Mini Review ARTICLE
CD44 acts as a signaling platform controlling tumor progression and metastasis
- Institute of Toxicology and Genetics, Karlsruhe Institute of Technology, Karlsruhe, Germany
Members of the CD44 family of transmembrane glycoproteins emerge as major signal transduction control units. CD44 isoforms participate in several signaling pathways ranging from growth factor-induced signaling to Wnt-regulated pathways. The role of the CD44 family members in tumor progression and metastasis is most likely linked to the function of the various isoforms as signaling hubs. Increasing evidence suggests that these proteins are not solely cancer stem cell (CSC) markers but are directly involved in tumor and metastasis initiation. It is foreseeable that a link between the expression of CD44 isoforms in CSCs and their function as signaling regulators will be drawn in a near future.
The term CD44 designates a large family of transmembrane glycoproteins belonging to the class of cell adhesion molecules. CD44 family members are involved in physiological processes such as hematopoiesis, lymphocyte homing, or limb development [reviewed in Ref. (1)]. All CD44 isoforms are encoded by one single gene located on chromosome 11 in humans and chromosome 2 in mice [reviewed in Ref. (2)]. The exons 1–5 and 16–20 that encode the constant part of CD44 are included in all CD44 isoforms.
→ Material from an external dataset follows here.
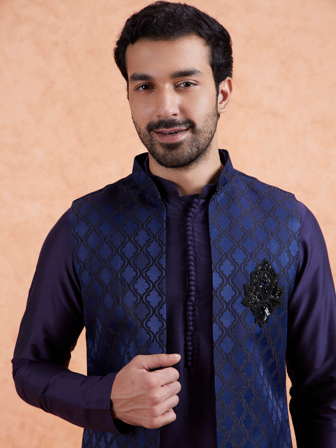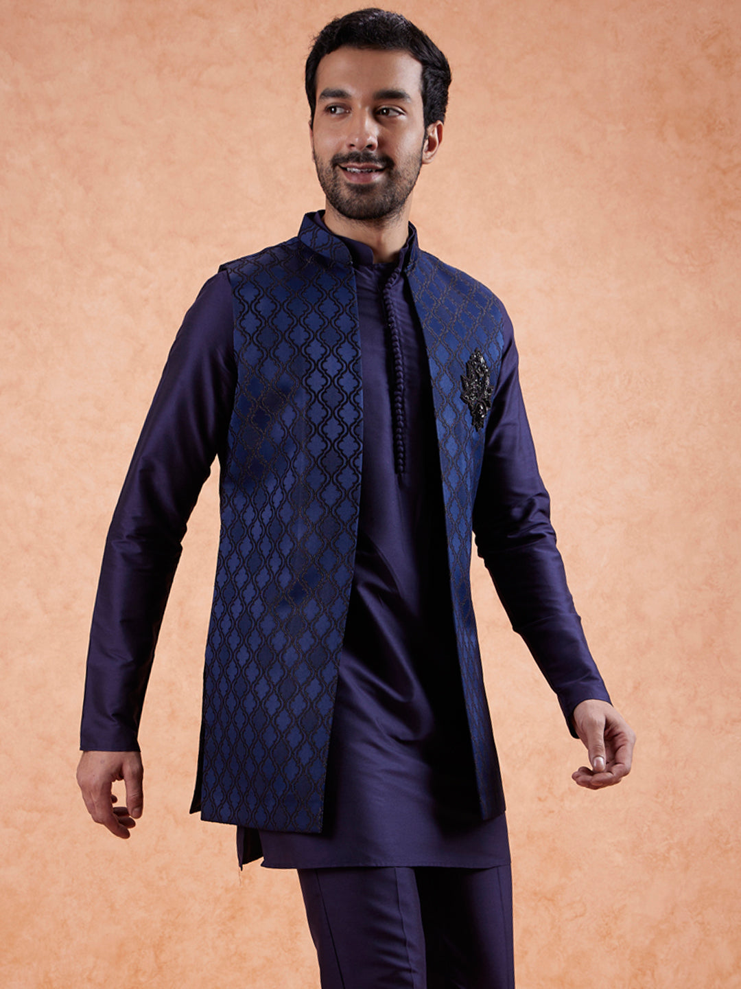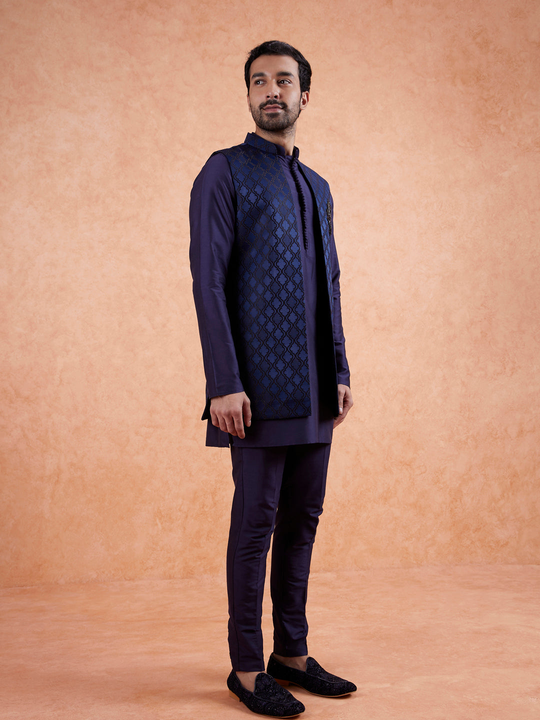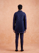 Blue Silk Blend Ethnic Motifs Mid Kurta Front Open Jacket Trouser Set, Perfect festive ethnic wear for men, ideal festive and casual occasions.

Exons 6–15 that encode the variant exons v1–v10 are either completely excluded as in CD44s or are included in various combinations within the CD44 ectodomain, giving rise to the CD44 variant isoforms (CD44v). Of note, exon v1 is not expressed in human cells due to the presence of a stop codon. The heterogeneity of the CD44 family is further increased by several additional modifications including N- and O-glycosylations.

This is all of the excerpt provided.